◆ What to do
No pictures should appear. The lines from the beginning of the listing through the one holding "写真は、清水市長に要望書を手" must be reproduced exactly, and nothing more.

◆ Data shown
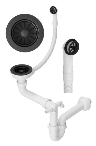 SYFON 1KOM G MANUALNY JEDNOKOMOROWY DO ZLEWU CZARNY PRZYŚCIENNY DO KUCHNI
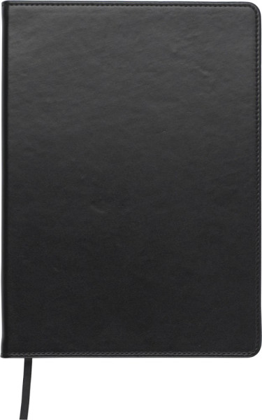 Luxe notitieboek (ca. A5), met kunstlederen omslag en bladwijzer (ca. 100 gelinieerde pagina's).meer
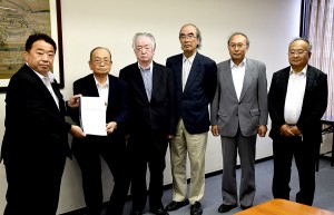 写真は、清水市長に要望書を手渡した小野代表(左から2人目)と各団体の代表・幹部=24日(クリックで拡大)
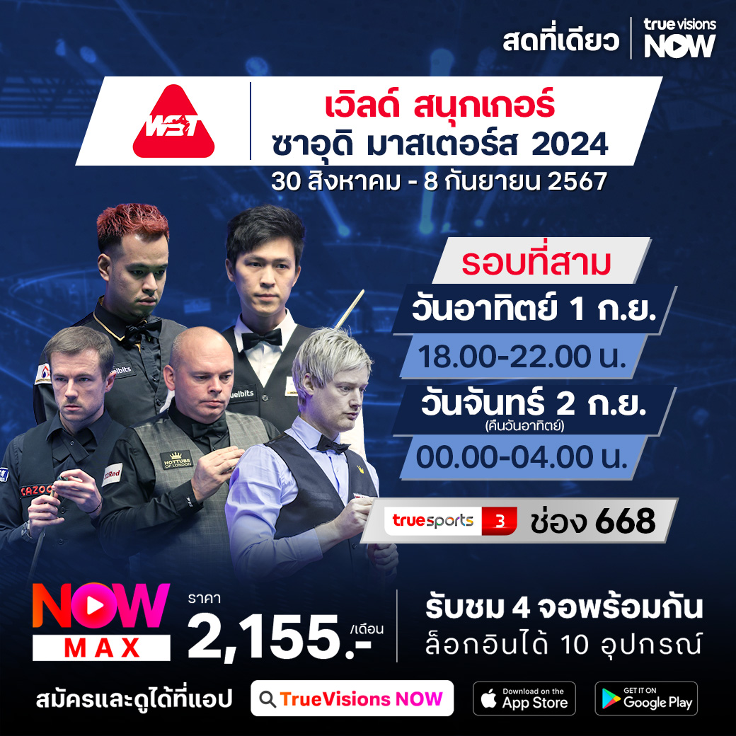 ศึก เวิลด์ สนุกเกอร์ ต้อนรับฤดูกาลใหม่ 2024/25 กับความยิ่งใหญ่อลังการของรายการ ซาอุดิ มาสเตอร์ส ที่รวบรวมเอาสุดยอดนักสนุกเกอร์ชั้นนำของโลก นำโดยซูเปอร์สตาร์อย่าง รอนนี่ โอซัลลิแวน, ไคเรน วินสัน แชมป์โลกคนล่าสุด, จั๊ดด์ ทรัมป์ และ มือไวลด์การ์ด 17 คน รวมทั้งยังร่วมเชียร์นักสอยคิวจากไทยให้คว้าชัยในรายการใหญ่สัปดาห์นี้ ใครจะเป็นแชมป์ ชมสด เอ็กซ์คลูซีฟ ครบทุกรอบ ที่เดียวที่ ทรูวิชั่นส์
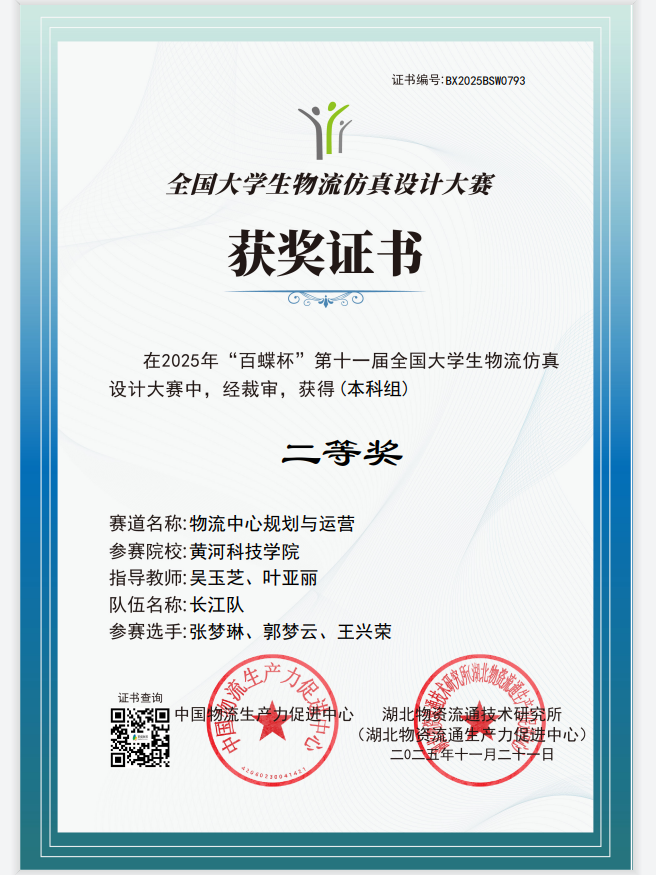 我校古天乐太阳集团城2023级物流管理张梦琳、郭梦云、王兴荣三位同学组成的“长江队”晋级,代表河南省队参加国赛,凭借出色的专业素养、创新的设计方案以及卓越的团队协作能力,在激烈的角逐中脱颖而出,荣获国家级本科组二等奖。

◆ Response for this exercise
 SYFON 1KOM G MANUALNY JEDNOKOMOROWY DO ZLEWU CZARNY PRZYŚCIENNY DO KUCHNI
 Luxe notitieboek (ca. A5), met kunstlederen omslag en bladwijzer (ca. 100 gelinieerde pagina's).meer
 写真は、清水市長に要望書を手渡した小野代表(左から2人目)と各団体の代表・幹部=24日(クリックで拡大)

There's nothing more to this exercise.